Top of DATA EXCERPTS
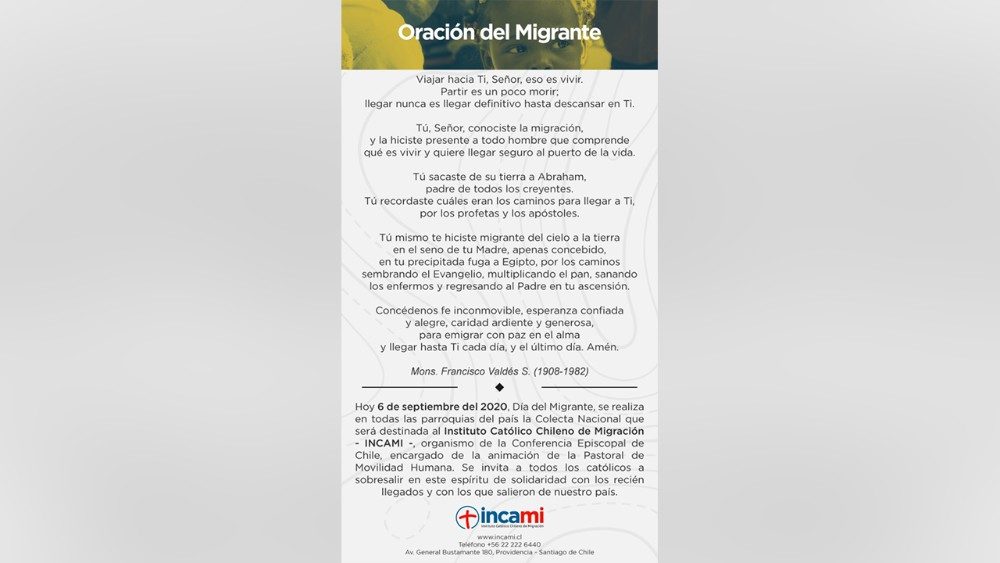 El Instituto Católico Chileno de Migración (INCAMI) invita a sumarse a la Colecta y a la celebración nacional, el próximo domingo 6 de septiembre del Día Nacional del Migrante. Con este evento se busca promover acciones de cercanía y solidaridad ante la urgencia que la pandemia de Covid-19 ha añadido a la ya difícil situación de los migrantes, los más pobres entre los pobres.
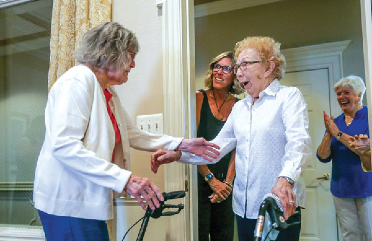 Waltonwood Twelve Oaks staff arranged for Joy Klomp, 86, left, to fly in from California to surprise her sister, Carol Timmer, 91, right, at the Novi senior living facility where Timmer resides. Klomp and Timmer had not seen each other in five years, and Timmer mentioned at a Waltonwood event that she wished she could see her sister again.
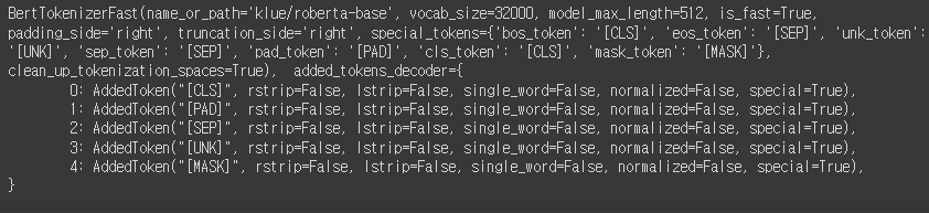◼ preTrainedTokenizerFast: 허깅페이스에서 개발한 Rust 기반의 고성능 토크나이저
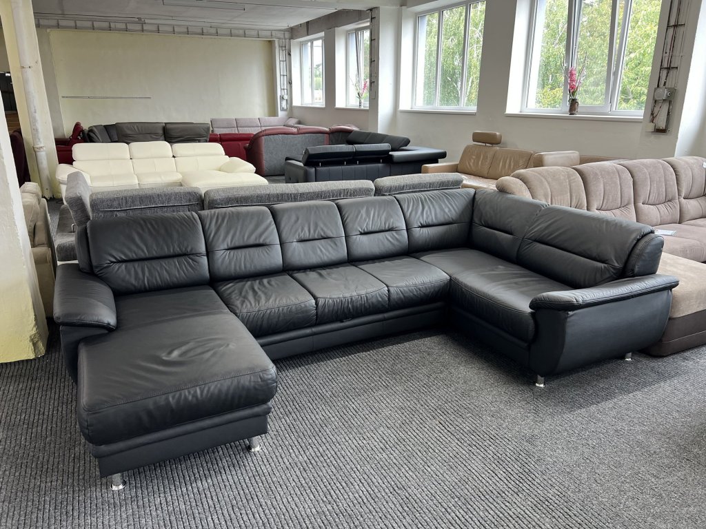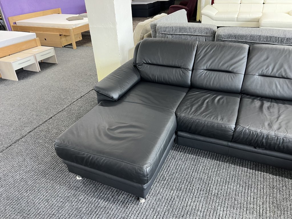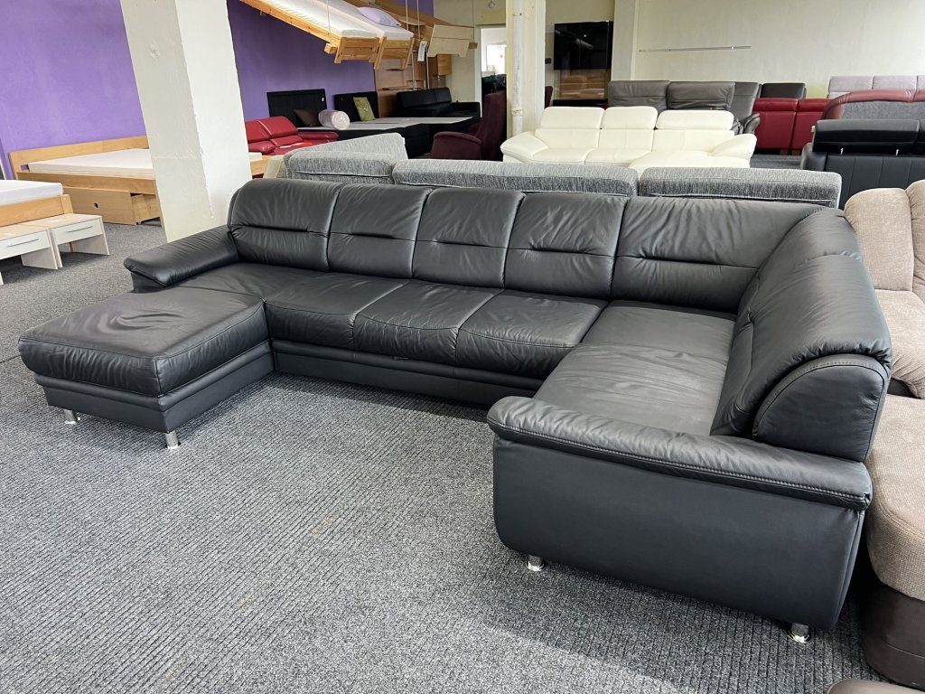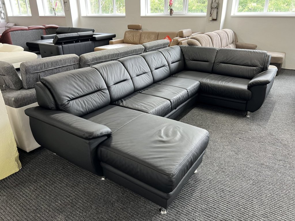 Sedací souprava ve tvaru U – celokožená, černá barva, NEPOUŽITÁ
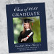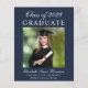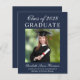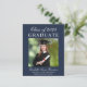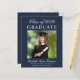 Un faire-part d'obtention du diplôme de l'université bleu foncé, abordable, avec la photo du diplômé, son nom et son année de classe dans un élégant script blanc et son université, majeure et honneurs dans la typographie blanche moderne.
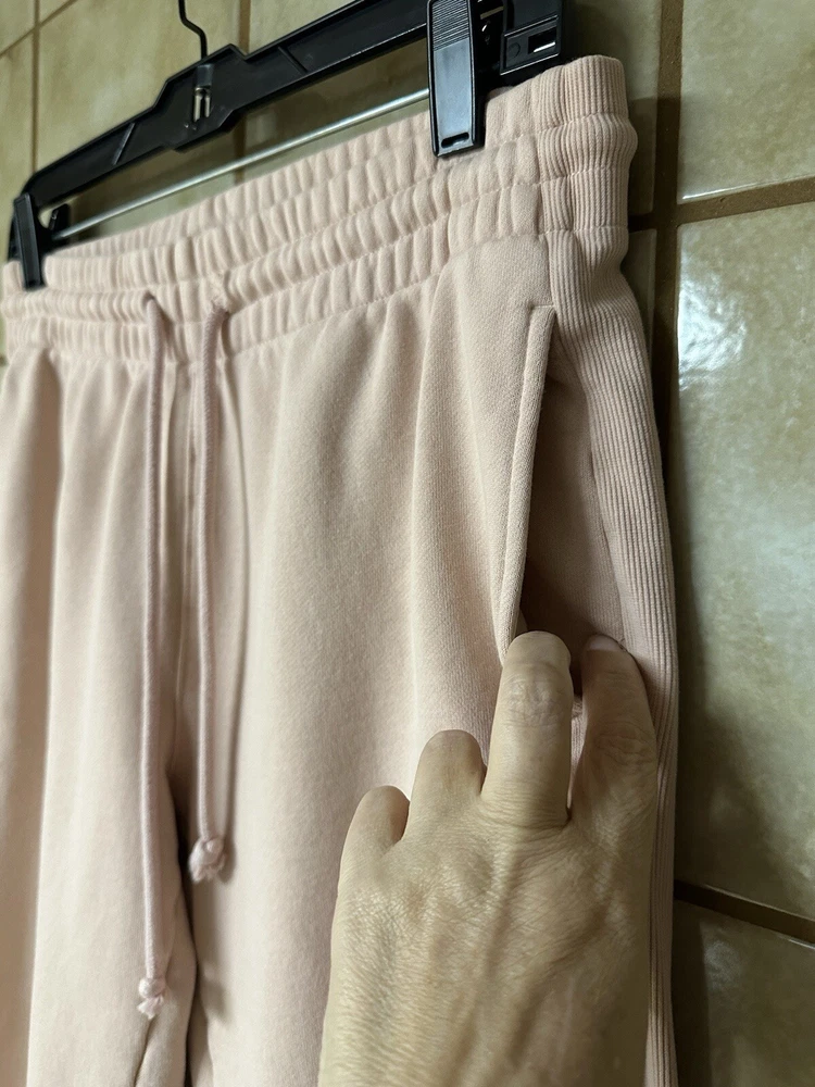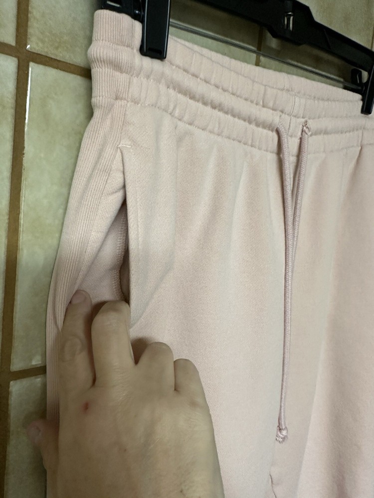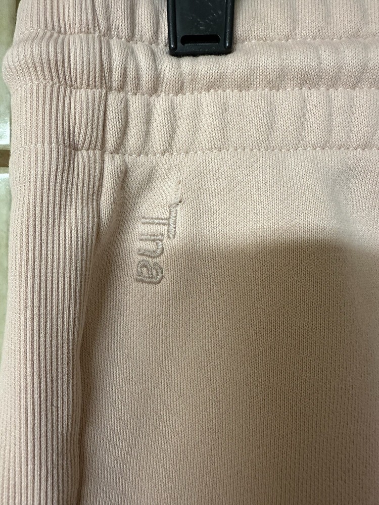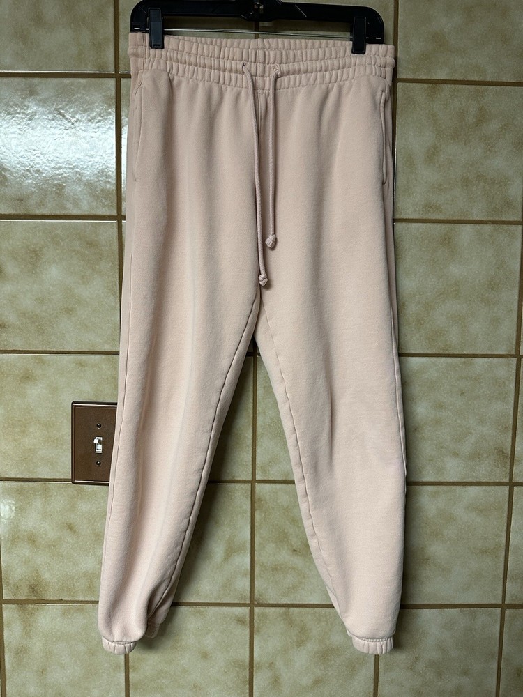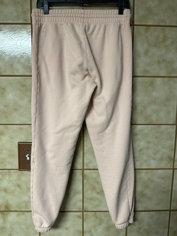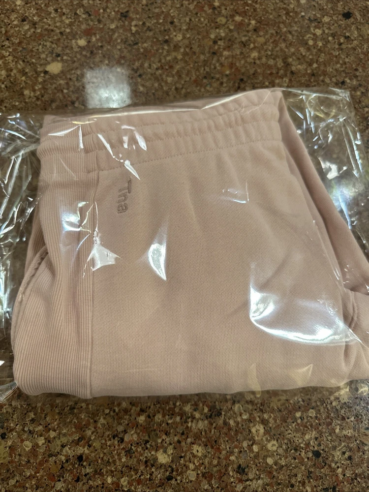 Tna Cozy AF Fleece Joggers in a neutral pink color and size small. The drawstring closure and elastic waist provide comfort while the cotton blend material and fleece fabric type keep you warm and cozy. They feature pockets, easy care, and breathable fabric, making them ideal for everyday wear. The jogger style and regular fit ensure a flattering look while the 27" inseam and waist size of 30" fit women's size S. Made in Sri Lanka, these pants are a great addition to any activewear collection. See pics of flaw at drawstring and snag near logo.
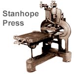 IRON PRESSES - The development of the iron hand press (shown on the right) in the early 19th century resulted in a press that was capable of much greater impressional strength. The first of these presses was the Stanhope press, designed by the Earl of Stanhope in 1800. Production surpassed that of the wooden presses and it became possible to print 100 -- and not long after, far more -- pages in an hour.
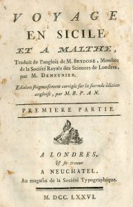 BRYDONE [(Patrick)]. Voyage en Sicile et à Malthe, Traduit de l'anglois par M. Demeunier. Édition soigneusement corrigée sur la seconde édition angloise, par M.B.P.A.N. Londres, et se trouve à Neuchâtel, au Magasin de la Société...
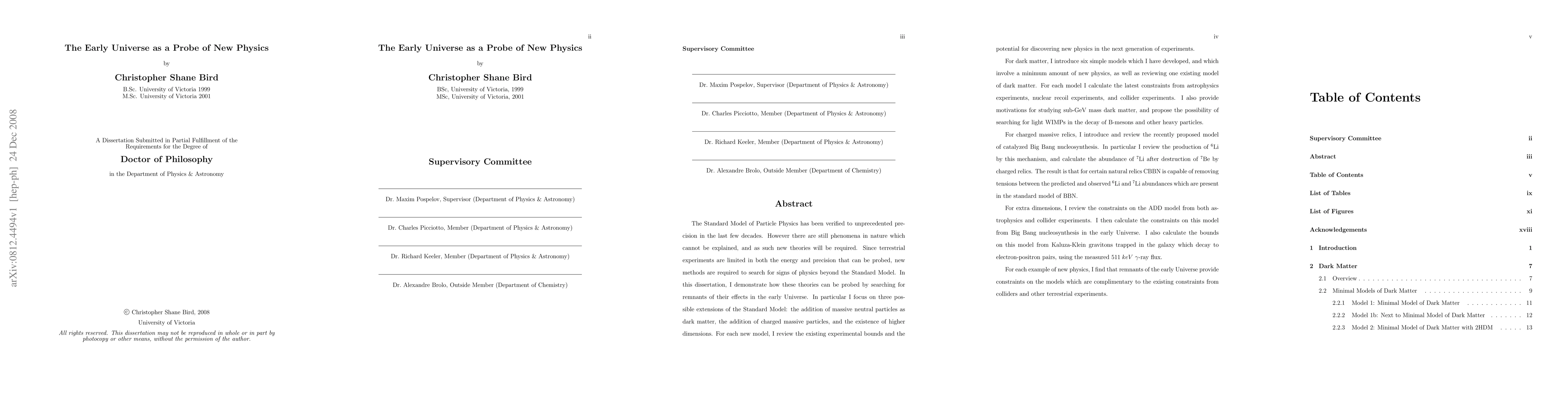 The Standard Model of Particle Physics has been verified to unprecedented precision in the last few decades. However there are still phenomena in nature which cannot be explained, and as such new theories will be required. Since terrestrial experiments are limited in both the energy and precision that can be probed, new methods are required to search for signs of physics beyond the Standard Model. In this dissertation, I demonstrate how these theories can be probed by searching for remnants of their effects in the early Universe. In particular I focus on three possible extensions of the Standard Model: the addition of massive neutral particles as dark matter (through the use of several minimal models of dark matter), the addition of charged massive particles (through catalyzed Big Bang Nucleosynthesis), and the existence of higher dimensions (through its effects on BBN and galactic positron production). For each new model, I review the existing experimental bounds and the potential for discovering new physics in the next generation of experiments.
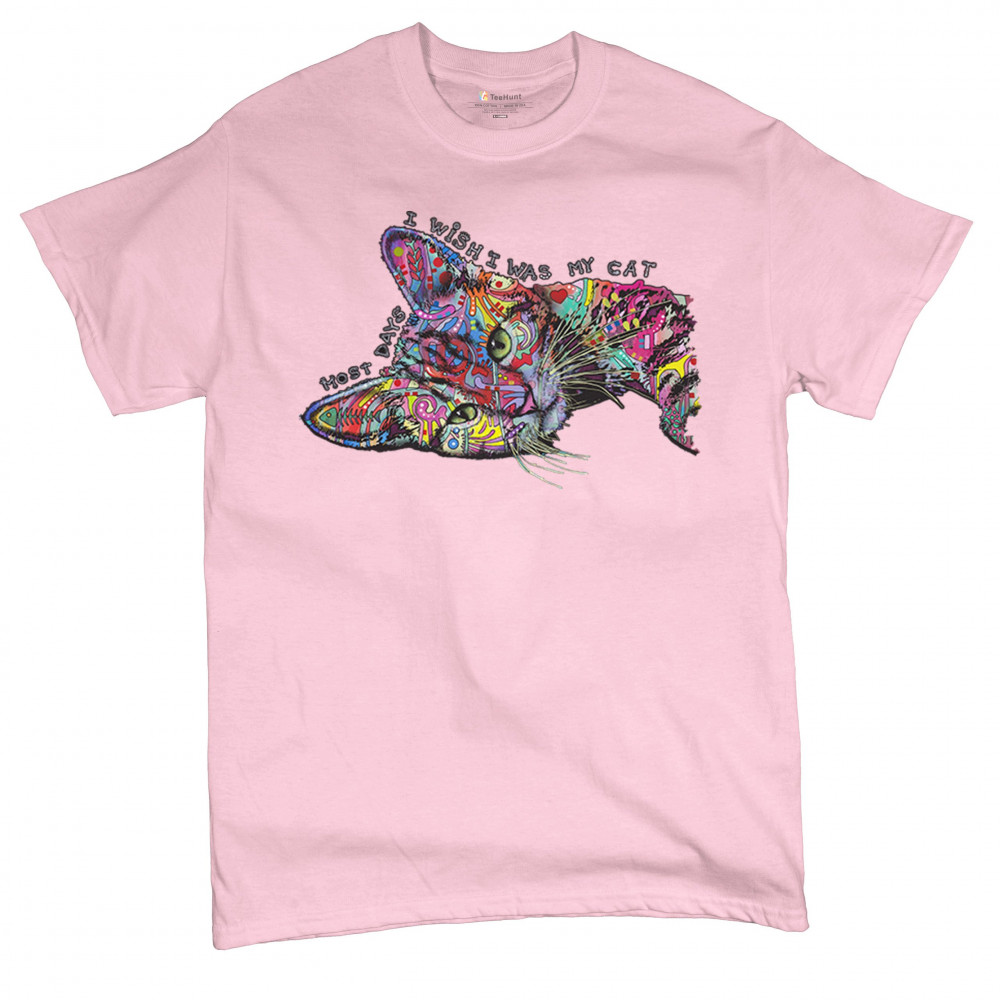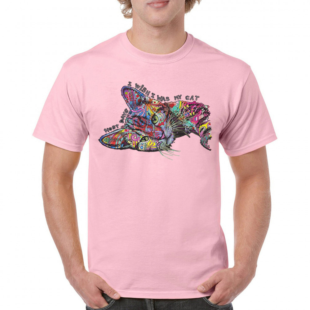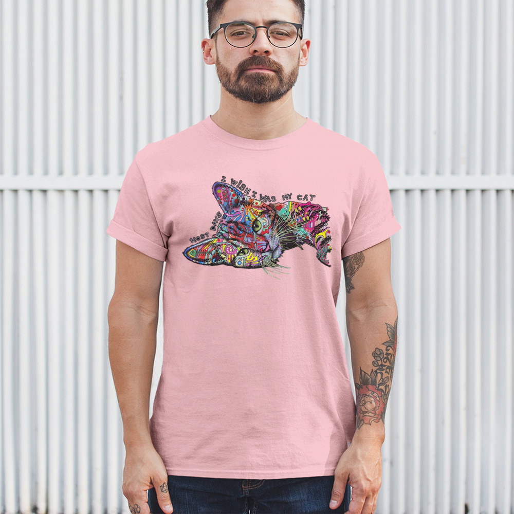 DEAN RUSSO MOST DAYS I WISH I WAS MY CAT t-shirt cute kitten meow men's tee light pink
Bottom of DATA EXCERPTS
ASSIGNED TASK
The copy should hold exactly the lines above from the one with "Waltonwood Twelve Oaks" through the one with "BRYDONE [(Patrick)]. Voyage", both ends counted, and no pictures at all.

WRITTEN REPLY
 Waltonwood Twelve Oaks staff arranged for Joy Klomp, 86, left, to fly in from California to surprise her sister, Carol Timmer, 91, right, at the Novi senior living facility where Timmer resides. Klomp and Timmer had not seen each other in five years, and Timmer mentioned at a Waltonwood event that she wished she could see her sister again.
◼ preTrainedTokenizerFast: 허깅페이스에서 개발한 Rust 기반의 고성능 토크나이저
 Sedací souprava ve tvaru U – celokožená, černá barva, NEPOUŽITÁ
 Un faire-part d'obtention du diplôme de l'université bleu foncé, abordable, avec la photo du diplômé, son nom et son année de classe dans un élégant script blanc et son université, majeure et honneurs dans la typographie blanche moderne.
 Tna Cozy AF Fleece Joggers in a neutral pink color and size small. The drawstring closure and elastic waist provide comfort while the cotton blend material and fleece fabric type keep you warm and cozy. They feature pockets, easy care, and breathable fabric, making them ideal for everyday wear. The jogger style and regular fit ensure a flattering look while the 27" inseam and waist size of 30" fit women's size S. Made in Sri Lanka, these pants are a great addition to any activewear collection. See pics of flaw at drawstring and snag near logo.
 IRON PRESSES - The development of the iron hand press (shown on the right) in the early 19th century resulted in a press that was capable of much greater impressional strength. The first of these presses was the Stanhope press, designed by the Earl of Stanhope in 1800. Production surpassed that of the wooden presses and it became possible to print 100 -- and not long after, far more -- pages in an hour.
 BRYDONE [(Patrick)]. Voyage en Sicile et à Malthe, Traduit de l'anglois par M. Demeunier. Édition soigneusement corrigée sur la seconde édition angloise, par M.B.P.A.N. Londres, et se trouve à Neuchâtel, au Magasin de la Société...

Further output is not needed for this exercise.